In order to overcome the neglect of alarms, we strive to regain the trust of Google engineers and find that Google developers have a strong bias to ignore static analysis, and any reports with unsatisfactory false positives give them reasons for inaction. The analysis team is very careful to show the results as errors or warnings only after they are reviewed according to the objective criteria of the description, so developers are rarely inundated, confused, or annoyed by the analysis results. Investigation and feedback channels are important quality control methods in this process. Now that developers have regained confidence in the results of the analysis, the Tricorder team is meeting the need to be more involved in more analysis in the Google developer workflow.

We have built a successful static analysis infrastructure on Google that prevents hundreds of errors from entering the Google code base every day at compile time and during code review. We hope that others will benefit from our experience and successfully integrate static analysis into their own workflows.

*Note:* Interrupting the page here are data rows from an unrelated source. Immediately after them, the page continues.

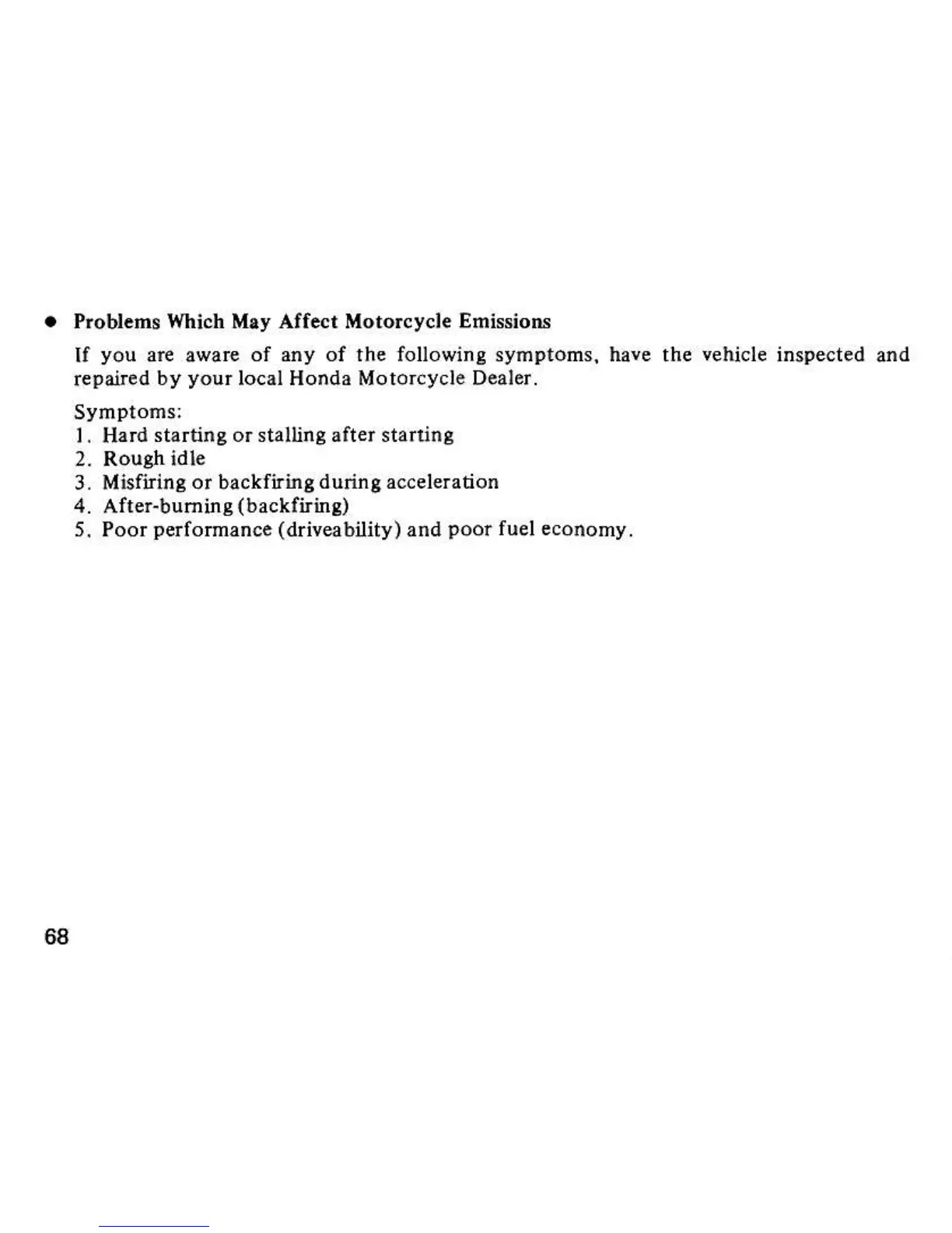 Probl.ms Which May Affcct Motorcycle Enissio6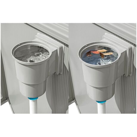 Το ενσωματωμένο επιφανειακό εξαφρηστήρι λειτουργεί με σύστημα φιλτραρίσματος για την απομάκρυνση των ανεπιθύμητων υπολειμμάτων και διατηρεί καθαρό το νερό.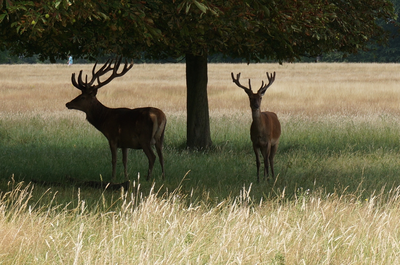 野生の鹿が戯れる、ロンドン郊外の広大な公園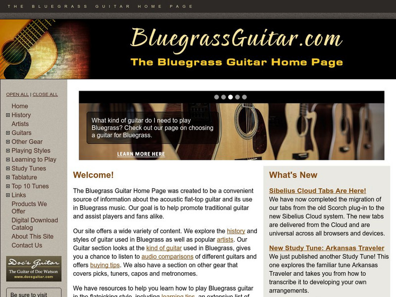 Source of information about the acoustic flat-top guitar and the playing styles used in bluegrass music. Recommendations for instructional materials to learn to play; history of Doc Watson, discussion areas, links.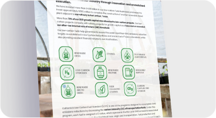 ENVIRONMENTAL, SOCIAL AND GOVERNANCE REPORT • 19 SAFETY COMMUNITY PEOPLE GOVERNANCE ENVIRONMENT 2 The LCFS verification program, under CARB oversight, provides confidence and reliability in reported data. Verification services are performed by qualified and trained third-party verifiers. Low-Carbon Fuels and Projects We continue to lead our industry through innovation and unmatched execution. We have invested more than $4.65 billion in our low-carbon fuels businesses and expect to invest approximately $500 million to complete the construction of another renewable diesel plant adjacent to our refinery in Port Arthur, Texas . More than 70% of our 2021 growth capital was allocated to low-carbon projects . Our low- carbon projects compete with refining projects for growth capital and have met or exceeded our after-tax internal rate of return (IRR) threshold . Our low-carbon fuels help governments around the world meet their GHG emissions reduction targets as established in low-carbon fuel policies and stricter fuel efficiency standards, while also providing excellent financial returns to our stockholders. California’s Low Carbon Fuel Standard (LCFS) is one of the programs designed to accomplish GHG emissions reductions by decreasing the carbon intensity (CI) of transportation fuels . Under this program, each fuel is assigned a CI value, which represents the life cycle GHG emissions associated with feedstock sourcing, including feedstock type, origin and transportation, fuel production and distribution, and the use of the fuel. CIs are determined using a California Air Resources Board (CARB)- developed GHG emissions model, and fuel pathway CIs are certified 2 by CARB after producers submit operational data to demonstrate the life cycle GHG emissions. RENEWABLE DIESEL ETHANOL SUSTAINABLE AVIATION FUEL LOW-CARBON HYDROGEN RENEWABLE PROPANE RENEWABLE NAPHTHA RENEWABLE ARCTIC DIESEL FIBER CELLULOSIC ETHANOL See page 111 for notes regarding this page and for non-GAAP disclosures. CARBON CAPTURE AND STORAGE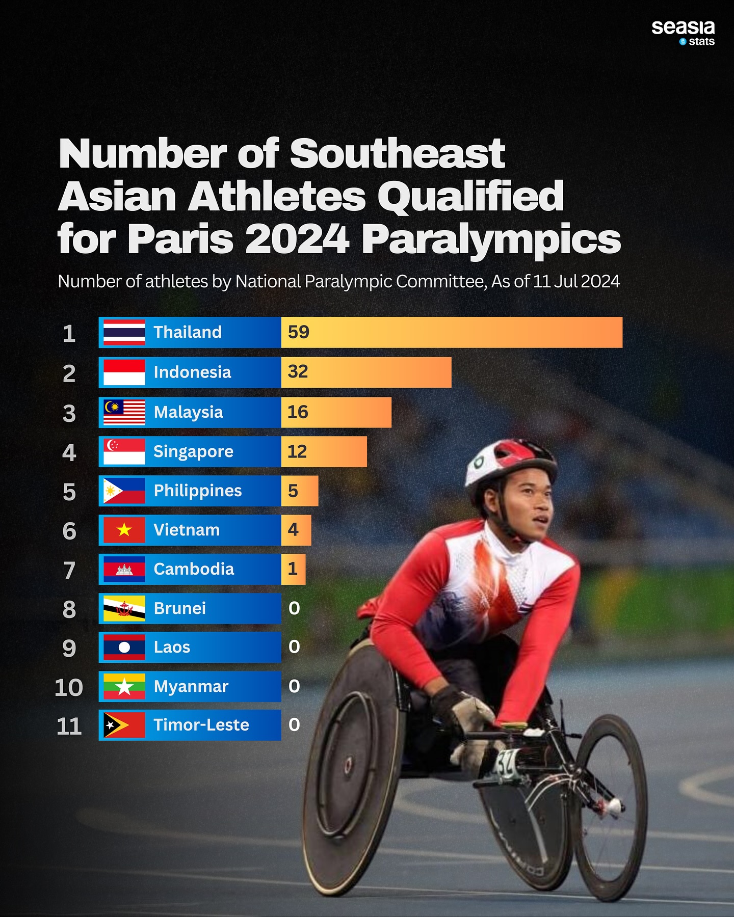 Following closely behind is Indonesia, with 26 athletes securing their spots for the Paralympic Games. Malaysia and Singapore have also secured respectable numbers, with 16 and 12 athletes respectively, demonstrating their dedication to para sports development and representation.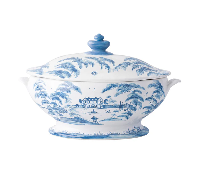 From our Country Estate Collection - As an unforgettable wedding gift or a showstopper for your own table, this covered tureen is as picturesque as it is oven-to-table practical. Sweeping vistas of the Main House adorn the exterior, while a scene of the Garden Conservatory graces the interior basin - making this intricately detailed vessel feel like an heirloom piece.

The above is the example analysis of Google in building static code analysis tools shared by Xiaobian. If you happen to have similar doubts, you might as well refer to the above analysis to understand. If you want to know more about it, you are welcome to follow the industry information channel.

Welcome to subscribe "Shulou Technology Information " to get latest news, interesting things and hot topics in the IT industry, and controls the hottest and latest Internet news, technology news and IT industry trends.

*The comments in the above article only represent the author's personal views and do not represent the views and positions of this website. If you have more insights, please feel free to contribute and share.